Corsair Compute Card
d-Matrix also introduced Corsair compute cards, similar to NVIDIA's H100, each Corsair computing card has 8 Jayhawk II chiplets, each Jayhawk II provides 2Tb/s (250GB/s) chip-to-chip bandwidth, and a single Corsair computing card has 8Tb/s (1TB/s) aggregate chip-to-chip bandwidth.
d-Matrix claims that servers with Corsair compute cards reduce the total cost of ownership of generative AI inference by 10 to 30 times compared to GPU-based solutions, but this set of hardware will not be officially available until 2024.
d-Matrix Aviator software stack
NVIDIA's power in AI computing power lies not only in the GPU, but also in its CUDA software stack and numerous libraries optimized for specific workloads and use cases, thus forming a complete ecosystem.
Aim for a relatively small model
Sid Sheth, CEO of d-Matrix, pointed out that in addition to positioning AI inference, they are further focused on multi-billion to tens of billions of small and medium-sized models, rather than the general-purpose hundreds of billions of large models.

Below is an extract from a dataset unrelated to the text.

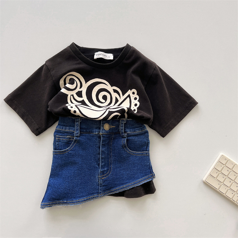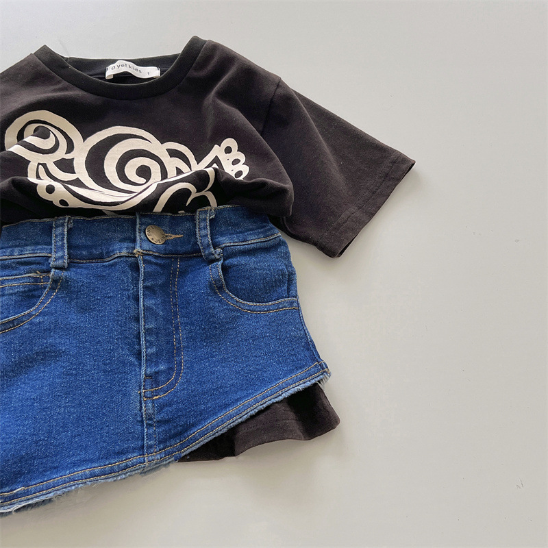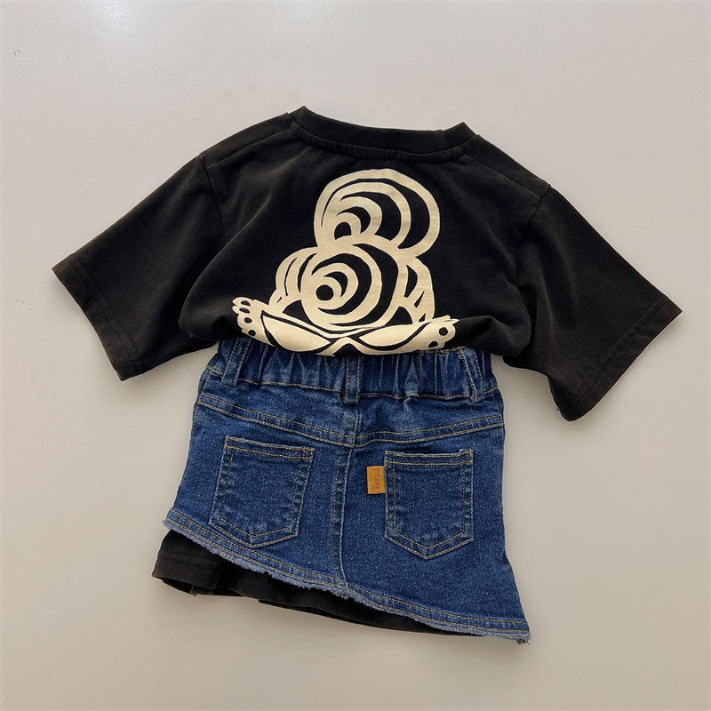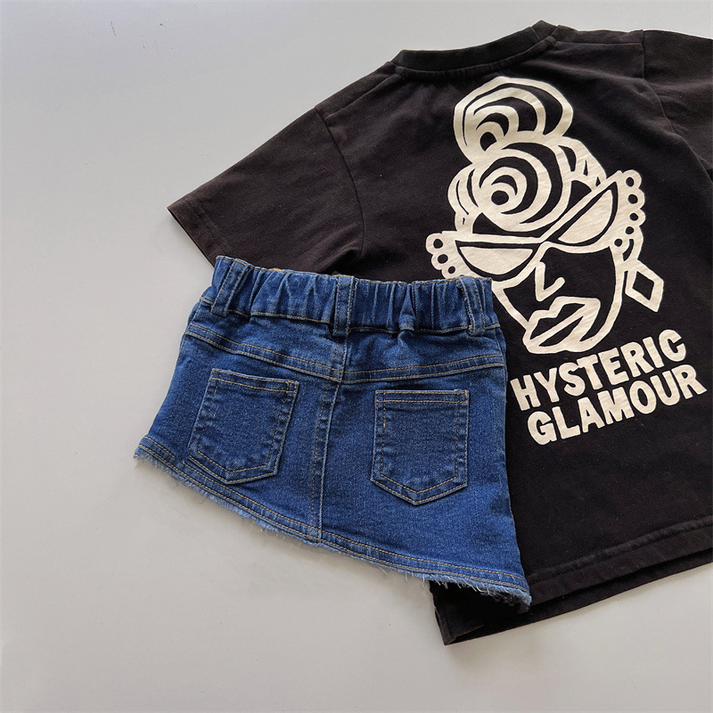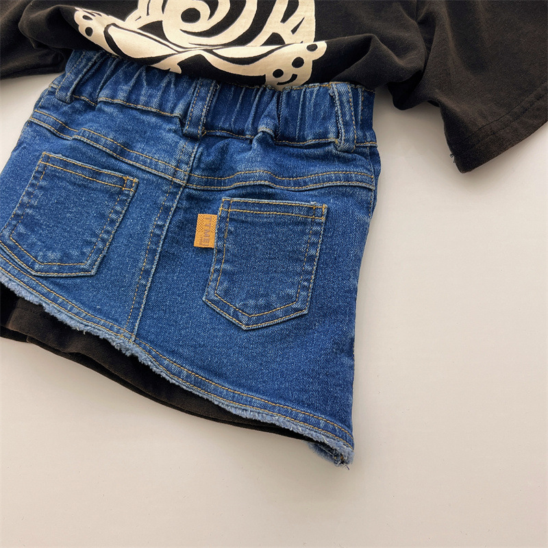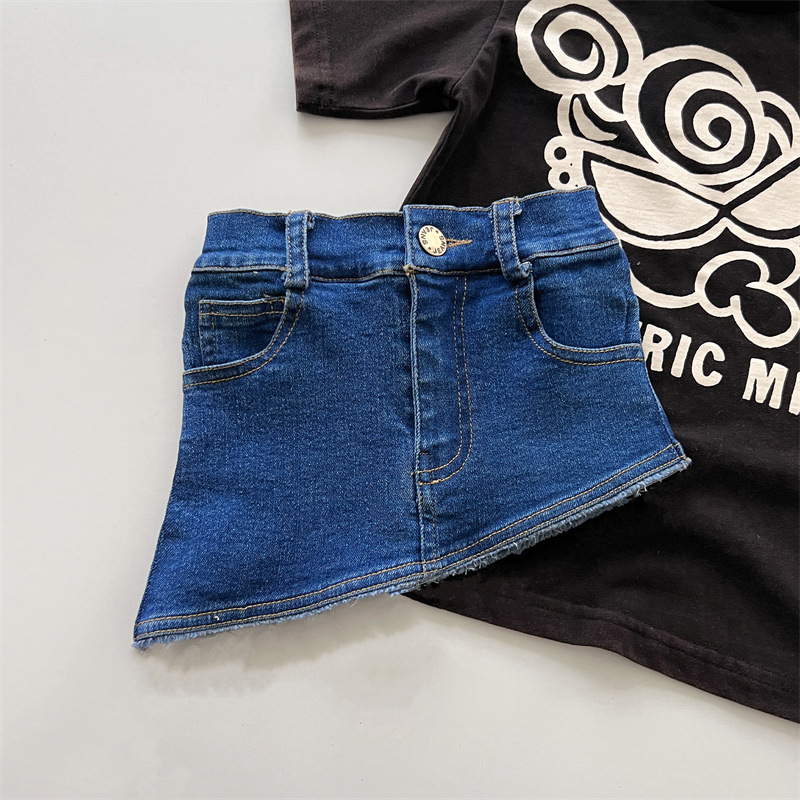 Japanese-style trendy kids vintage pacifier Superman long T girls' denim skirt, high-end children's summer denim skirt

Karl Freund, founder and principal analyst at Cambrian AI, a semiconductor and AI research firm, agrees, saying: "Most companies don't deploy models with hundreds of billions or trillions of parameters. But they will use the company's own data to fine-tune the model, and the model they will actually deploy will be much smaller. For a model of this size, the NVIDIA H100 is not necessarily the most economical option when it comes to AI inference, and the H100 currently sells for up to $40,000. ”
He also pointed out that d-Matrix faces a window of opportunity, and he has a relatively blank period of time to show its value before giants such as Nvidia turn to this market.
For now, d-Matrix expects revenue of no more than $10 million this year, mostly from customers who buy chips for evaluation. Founder Sheth said d-Matrix expects annual revenue of more than $70 million to $75 million over two years and break even. The market space facing d-Matrix is huge, and Cambrian AI predicts that by 2030, it is possible for the computing power consumption ratio of AI inference chips to reach more than 1000 TOPS per watt.
Autonomy and cost are the soil for AI chips
On the one hand, the survival soil of AI chip startups such as d-Matrix comes from the independent and controllable needs of AI manufacturers, whether it is giants such as Microsoft, Meta, Amazon, super unicorns such as OpenAI, Anthropic, or leading startups such as Cohere, they do not want their AI computing power to be bound to a single company.
On the other hand, the operating cost of AI services, for large model companies, in the long run, the cost of computing power to run AI services will be higher than the cost of computing power for training models, and at this stage, the operating cost of a single user of AI enterprises is a loss-making state, and the total cost of ownership (TCO) is also high. For cash-rich giants, this loss is affordable, but for startups, it is a huge burden, slowing down the further expansion of their business.
Third-party, low-cost AI reasoning computing power is extremely needed for both giants and startups.
At this stage, what are the risks faced by startups in the field of AI chips? One is, of course, the "monopoly" of the NVIDIA giant, as well as Microsoft, Meta, Google, OpenAI, the largest AI companies self-developed chips, and then the software ecological problem supporting the chip.
And these problems, d-Matrix is in the process of solving. It targets the market for commercial small and medium-sized AI models, and also cooperates with the open source community to build a software ecosystem, which can give it a differentiated competitive advantage in the competition of giants.